RICARDO COTA
Injustiça lembrá-lo pela violada no III Festival de Música Popular Brasileira, realizado em 1967, no Teatro Paramount, em São Paulo, no ano de 1967. Sérgio Ricardo foi muito mais do que uma atitude, embora fosse esta uma de suas maiores características. Sua trajetória esteve vinculada a pelo menos dois movimentos cruciais da cultura nacional: a bossa nova e o cinema novo.
Talento multidisciplinar, foi compositor, cantor, escritor, ator e cineasta. Imortalizou sua potente e inconfundível voz numa de suas parcerias com Glauber Rocha, no filme “Deus e o Diabo na Terra do Sol“. A corrida de Corisco ao término do longa, embalada pelo canto do artista, fixou-se para sempre na memória do cinema brasileiro. Como o protagonista do panegírico glauberiano do sertão, Sérgio Ricardo só se entregou na morte, e com certeza de parabelo na mão.
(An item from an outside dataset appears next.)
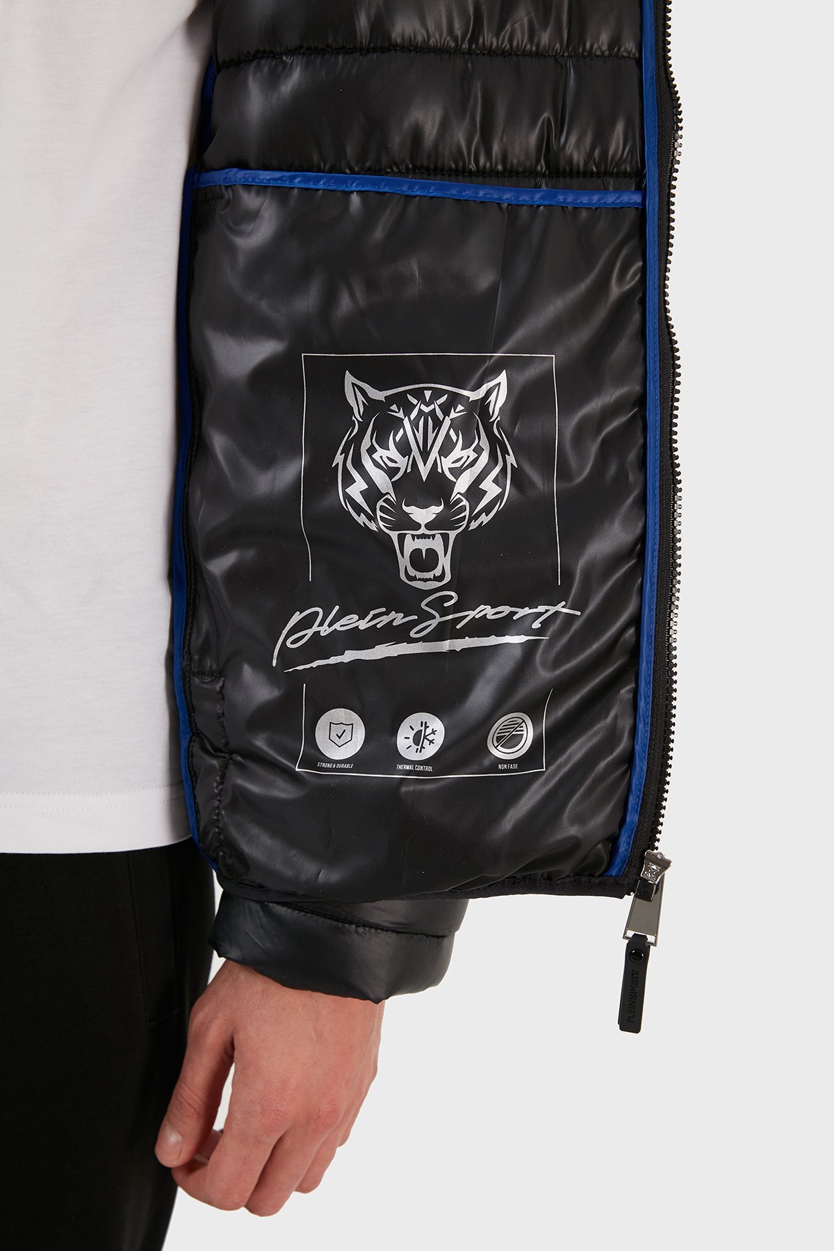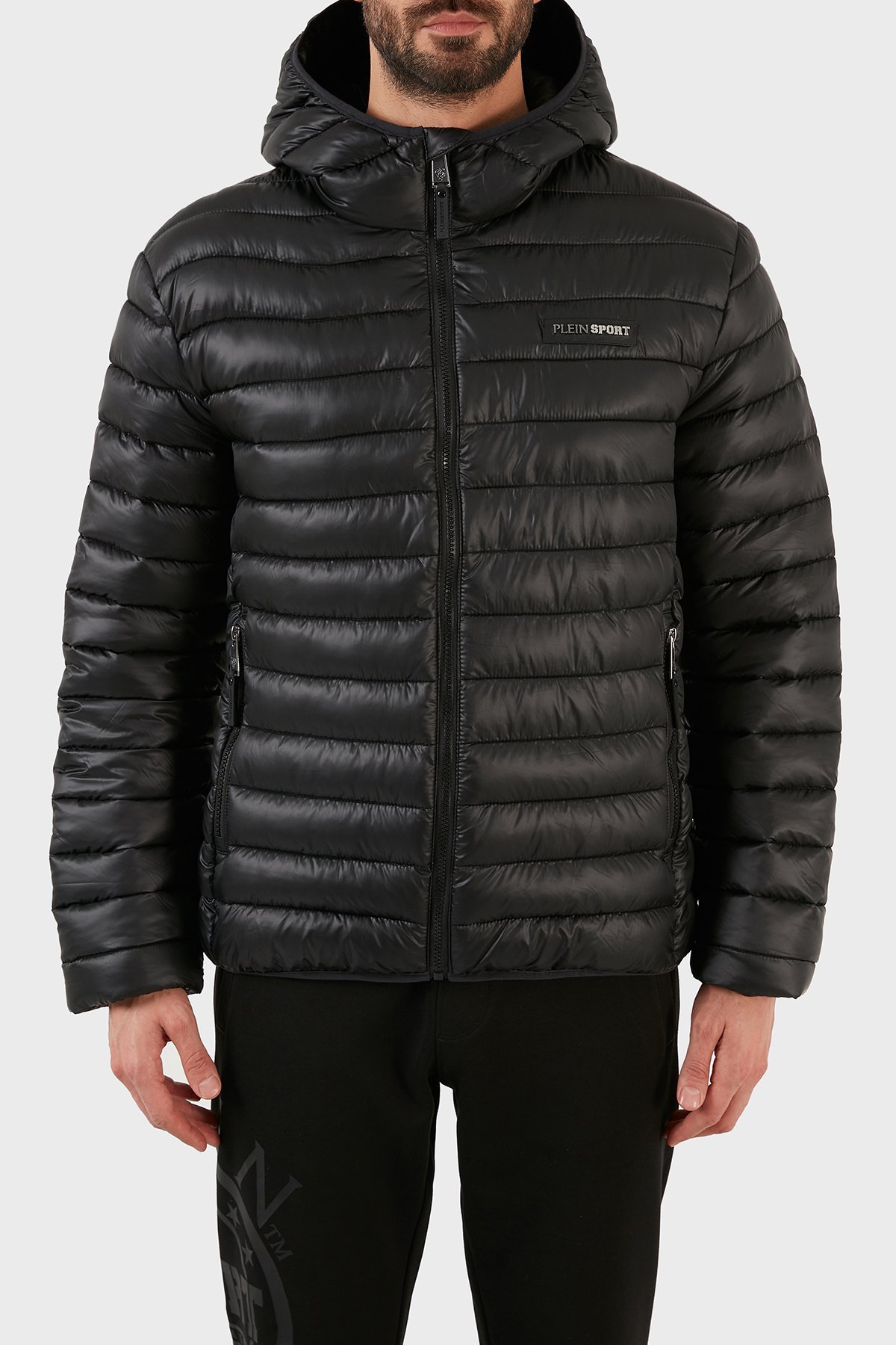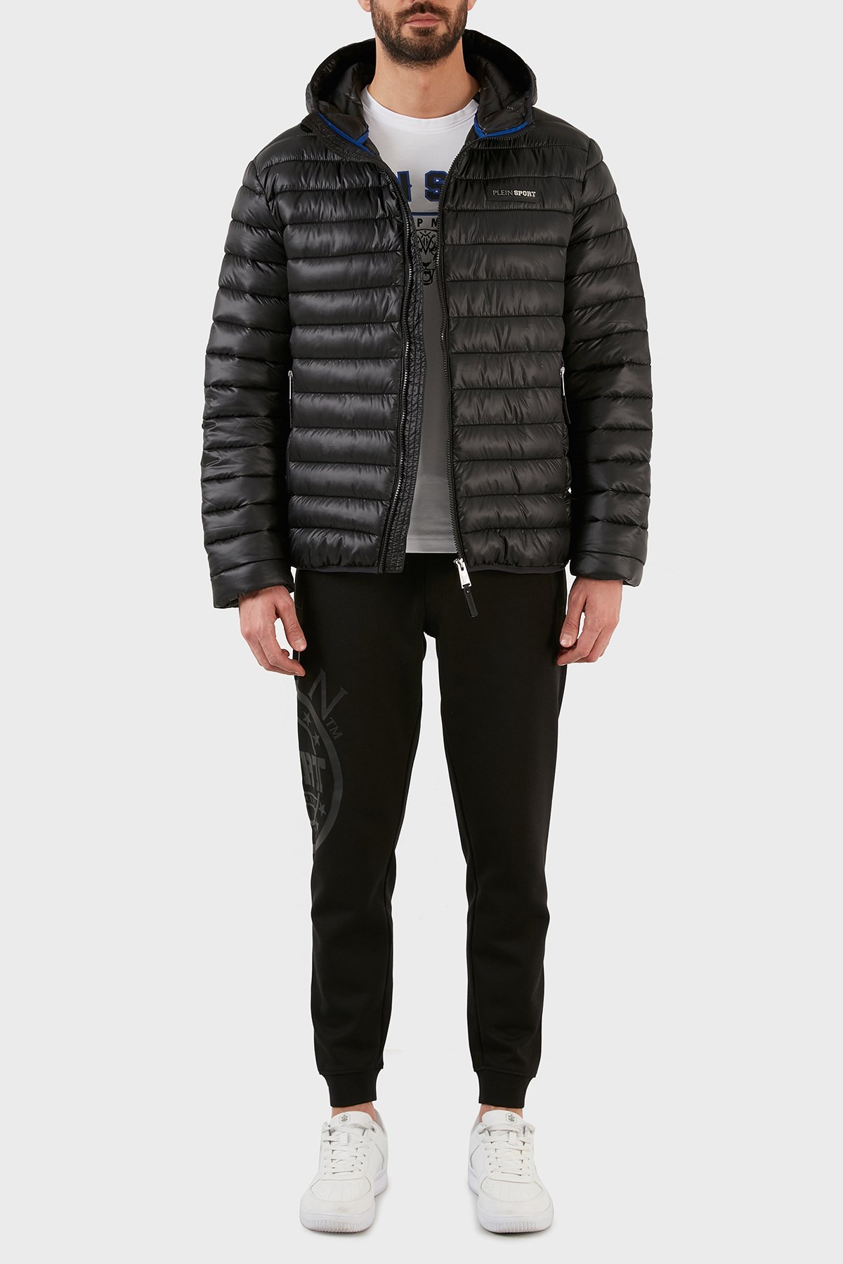 Logolu Yalıtımlı Kapüşonlu Şişme Erkek Mont UPPS10399 SİYAH

No dia de sua passagem, aos 88 anos, a Cinemateca do MAM homenageia Sérgio Ricardo enaltecendo o seu legado como cineasta. Escolhemos “Esse Mundo é Meu“, lançado em 1963, um ano antes da estreia de “Deus e o Diabo na Terra do Sol”. Neste filme, que faz parte do acervo da Cinemateca Brasileira, o cineasta deixa claro o compromisso com o cinema de empenho social e político ao acompanhar a trajetória de um operário engajado, inconformado com o baixo salário e a precária situação financeira sua e de seus pares. Um filme expressivo, pujante, musical, com imagens premonitórias da cidade partida, e pelo menos duas sequências antológicas: o passeio do operário e sua namorada no centro da cidade e o girar do casal na roda-gigante, magistralmente fotografados com a singular câmera na mão de Dib Lutfi, irmão de Sérgio.
Como curiosidades, “Esse Mundo é Meu“ tem o samba “Pregão“, com letra de Cacá Diegues, Ziraldo no elenco e montagem assinada por Ruy Guerra e Sérgio Sanz, cujo pai, o escritor José Sanz, foi curador da Cinemateca do MAM.